(Extracted data entries)
......

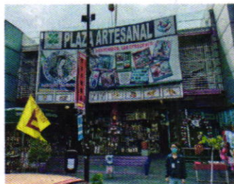
Figura 1. Establecimiento mercantil motivo de denuncia.

Por lo antes referido, mediante oficio PAOT-05-300/200-7886-2022 se hizo del conocimiento del propietario, encargado, apoderado y/o representante legal de dicha negociación mercantil que el artículo 29 fracción IX de la Ley de Cultura Cívica de la Ciudad de México, refiere lo siguiente (...) Son infracciones contra el entorno urbano de la Ciudad colocar en el espacio público enseres o cualquier elemento propio de cualquier establecimiento mercantil, sin la autorización correspondiente (...) , es este tenor, se le exhortó a cumplir de manera voluntaria con la legislación ambiental aplicable.
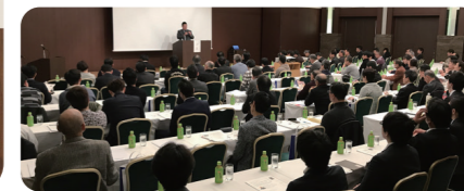
2019年1月19日セミナー会場
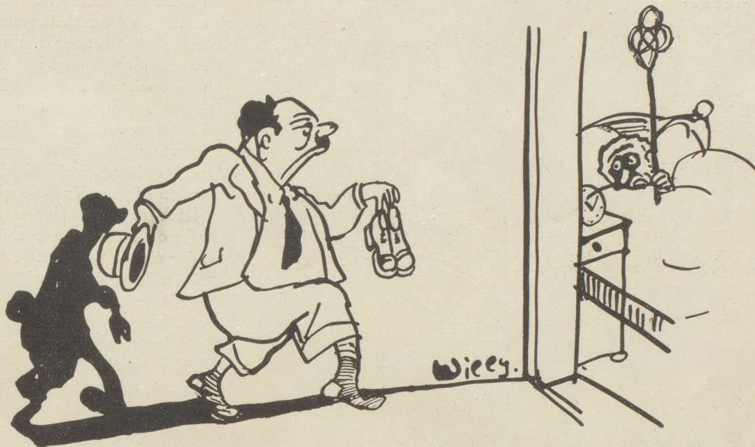
Der Diktator kehrt von der Diktatorenversammlung nach Hause zurück
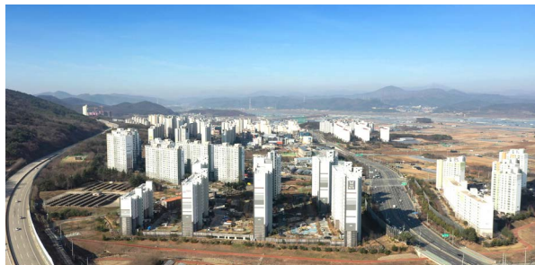
옥포지구 조성공사 위치: 대구 달성군 옥포면 강림리, 교항리 일원 발주처: 한국토지주택공사 공사기간: 2008.03 ~ 2015.08
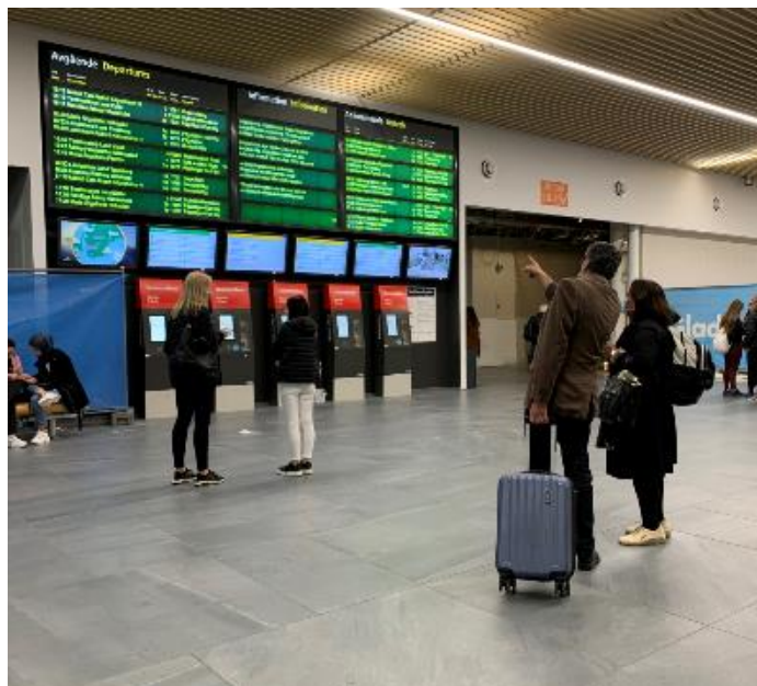
Resecentrum med biljettautomater 2020.
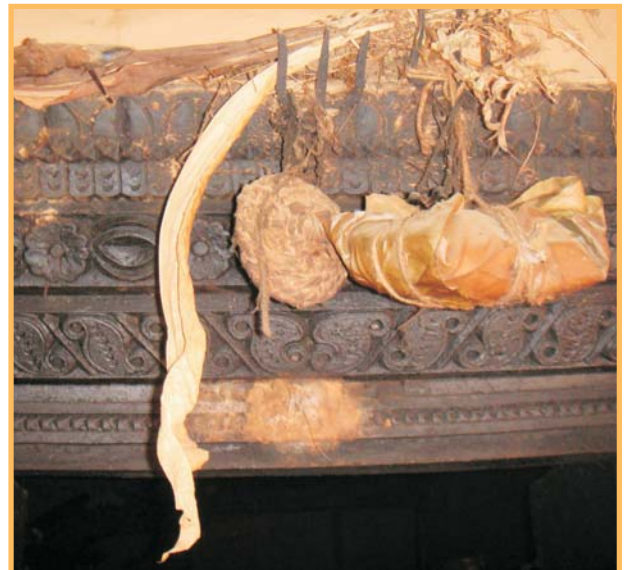
कलात्मक ढोकाको चौकोस
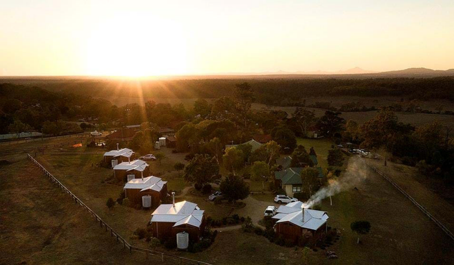
Spicer's Hidden Vale i Grandchester

Det anbefales at denne turen gås med klokka. Nyt de kjølige sprutene fra de mange fossene på veien, og se f.eks. Chalahn og Toolona fossene mens dere går opp gjennom Toolona Gorege mot utsiktspunktet Wanungara. Den smale Toolona kløfta har skapt et beskyttet, fuktig og skyggefullt refugium for de mange urgamle regnskogsplantene som f.eks. den gigantiske kongebregne.
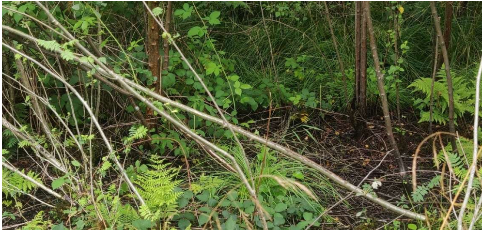
Figur 3. Den tilgroede mose (1) under opvæksten ses bl.a. mosebunke, brombær og bregnen mangeløv.
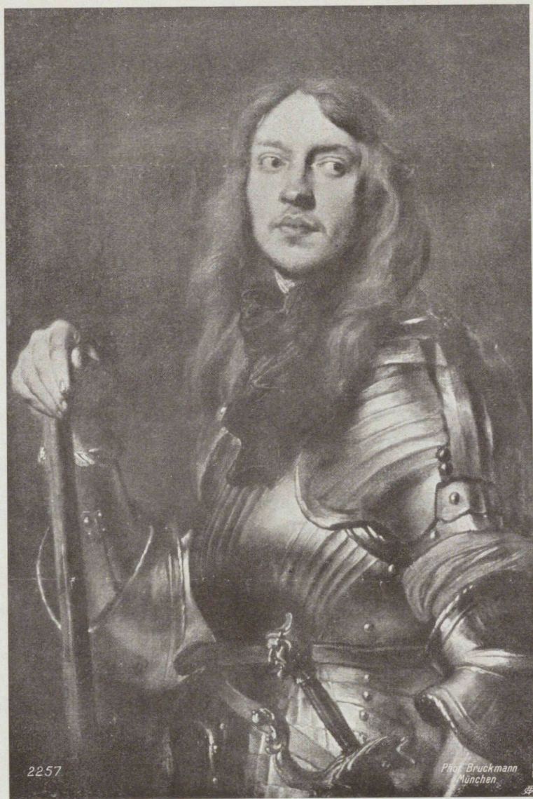
„Portrait d'un général“ par A. van Dyck (1599—1641). Galerie Royale, Dresde. — 2257

......

● **WHAT THIS TASK INVOLVES**:
For this answer, return word for word the lines from the first line of the records through the line containing "2019年1月19日セミナー会場". Omit the pictures.

● **EXPECTED OUTPUT**:
Figura 1. Establecimiento mercantil motivo de denuncia.

Por lo antes referido, mediante oficio PAOT-05-300/200-7886-2022 se hizo del conocimiento del propietario, encargado, apoderado y/o representante legal de dicha negociación mercantil que el artículo 29 fracción IX de la Ley de Cultura Cívica de la Ciudad de México, refiere lo siguiente (...) Son infracciones contra el entorno urbano de la Ciudad colocar en el espacio público enseres o cualquier elemento propio de cualquier establecimiento mercantil, sin la autorización correspondiente (...) , es este tenor, se le exhortó a cumplir de manera voluntaria con la legislación ambiental aplicable.
2019年1月19日セミナー会場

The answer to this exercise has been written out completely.